Do I tell them so? No, of course not. I offer a terse yet polite response and steer the conversation into the open, where I can more clearly see where he or she is coming from and where they're headed with their thoughts and intentions. If I find they are genuinely interested in what I have to say, I have a hard time shutting up!
posted by JaySunSee at 6:36 AM on July 28, 2007 [1 favorite]


I think you're all self-absorbed. Why do I want to talk about either myself or the other person at all in casual conversation? Talk about the Simpsons movie or the recent election or a nice garden you saw. In other words engage in the art of conversation. There are many things in the world more interesting than either of you.

If it's someone who's known you for 10 years, they already know plenty about you. Is it possible that they find your interest in and conversing about them instrusive and don't want to inflict the same on you? Maybe they're sensitive, not egotistical.

Alright, that was a little harshly put, but something to think about.

The problem is that the art of conversation is dead. I don't know the average age on this thread, but I suspect younger-- we actually used to have to practice small talk in "home ec" back in the day, to avoid exactly this sort of thing (I don't think the boys had to do this, as they were segregated into shop class.) We also learned that talking about either oneself or the other person is rude.

But perhaps you're right, taken too far, and applied to old friends it becomes odd. I suggest your friend read Jane Austen "Persuasion" to learn the consequences of never asking a personal question.
posted by nax at 7:00 AM on July 28, 2007 [3 favorites]


Do others here see the same behavior on a regular basis?

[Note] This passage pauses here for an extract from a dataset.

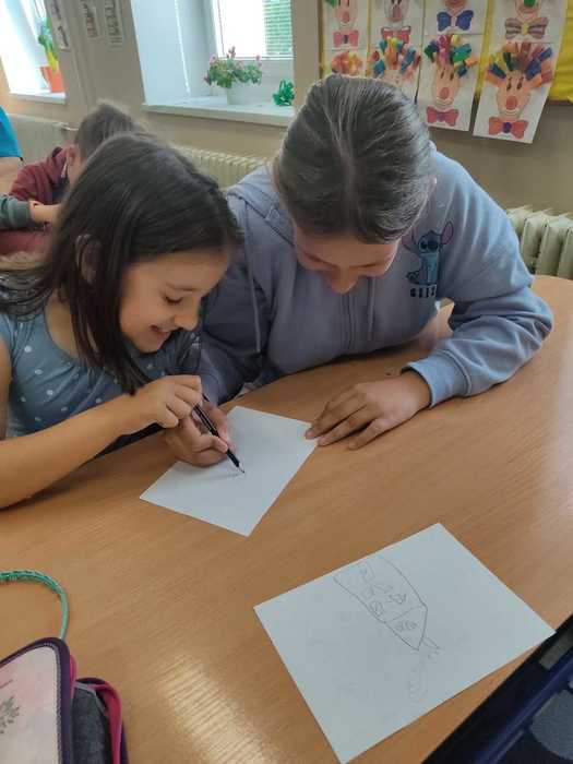 Ve 3. třídě proběhl minulý týden projekt, ve kterém se děti seznámily s různými způsoby komunikace. Zjistily, že spolu mohou mluvit beze slov, třeba pomocí gest, že podle výrazu ve tváři se dá poznat, zda je druhý smutný, veselý nebo rozzlobený a že by bylo fajn, kdyby se všichni lidé na světě dokázali domluvit po dobrém. Scénky, různé aktivity, rozhovory a kreslení ve dvojicích děti velmi zaujalo a bavilo.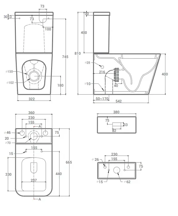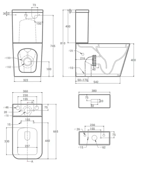 • Укороченный унитаз:

Yes! And it's been driving me crazy in the last few years. I no longer hang out with a girl who was my best friend for several years because her utter self absorption was driving me batty. Me.me.me.me.me.me.me, all the time. And when I piped up with whatever dramas I was going through, you could see her eyes glaze over or, if on the phone, she'd start grinding coffee or something. Nice girl. Big heart. Smart. Interesting. But I couldn't put up with the narcissism anymore.

When I was doing the online dating thing, I met several guys I found attractive in every other way, but who spent the whole night talking about themselves and never asking a single goddamn thing about me. I was mystified. Isn't a date supposed to be about getting to know each other? With the first one, I just assumed "ah well, he didn't like me and was just entertaining himself to run out the clock" but he called several times for a second date. And then it kept happening with other guys.

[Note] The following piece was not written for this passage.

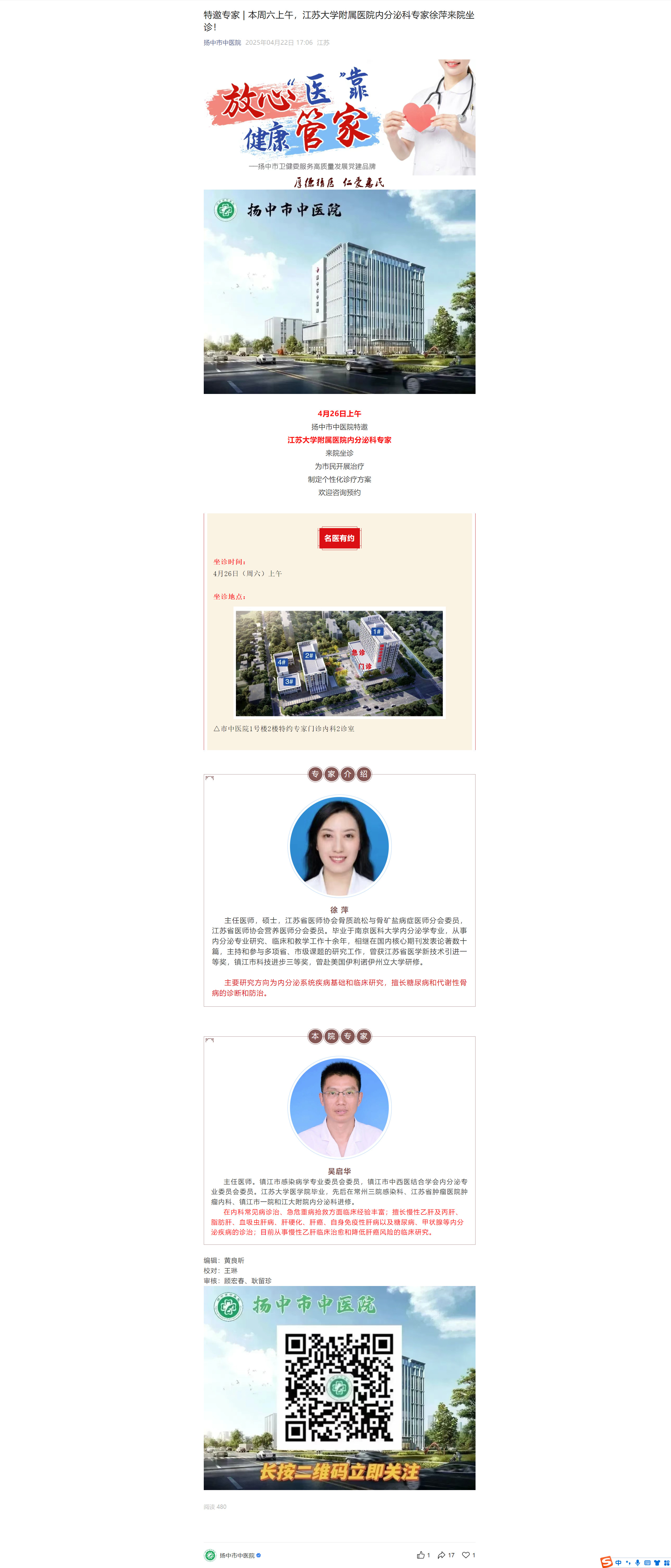 特邀专家 | 本周六上午,江苏大学附属医院内分泌科专家徐萍来院坐诊!

I've met plenty of interesting women in recent years who could be friends, but after a few evenings of listening to them yammer on and on about themselves and showing zero interest in you or any other human on the planet, you just don't call them anymore.

I've been putting it down to a New York thing.
It makes me value my real friends more, though, people who keep track of me the way I do them, and who want to know how the date went, or what happened with that showdown with the boss or whatever.


On preview: "how was your weekend" is intrusive? Jesus, maybe the flipside is paranoia?
posted by CunningLinguist at 7:11 AM on July 28, 2007


Am I wrong here?

No, and ignore the people going "OMG how dare you expect people to ask about you!" Who knows what's going on with them, but the kind of interaction you're hoping for is perfectly normal.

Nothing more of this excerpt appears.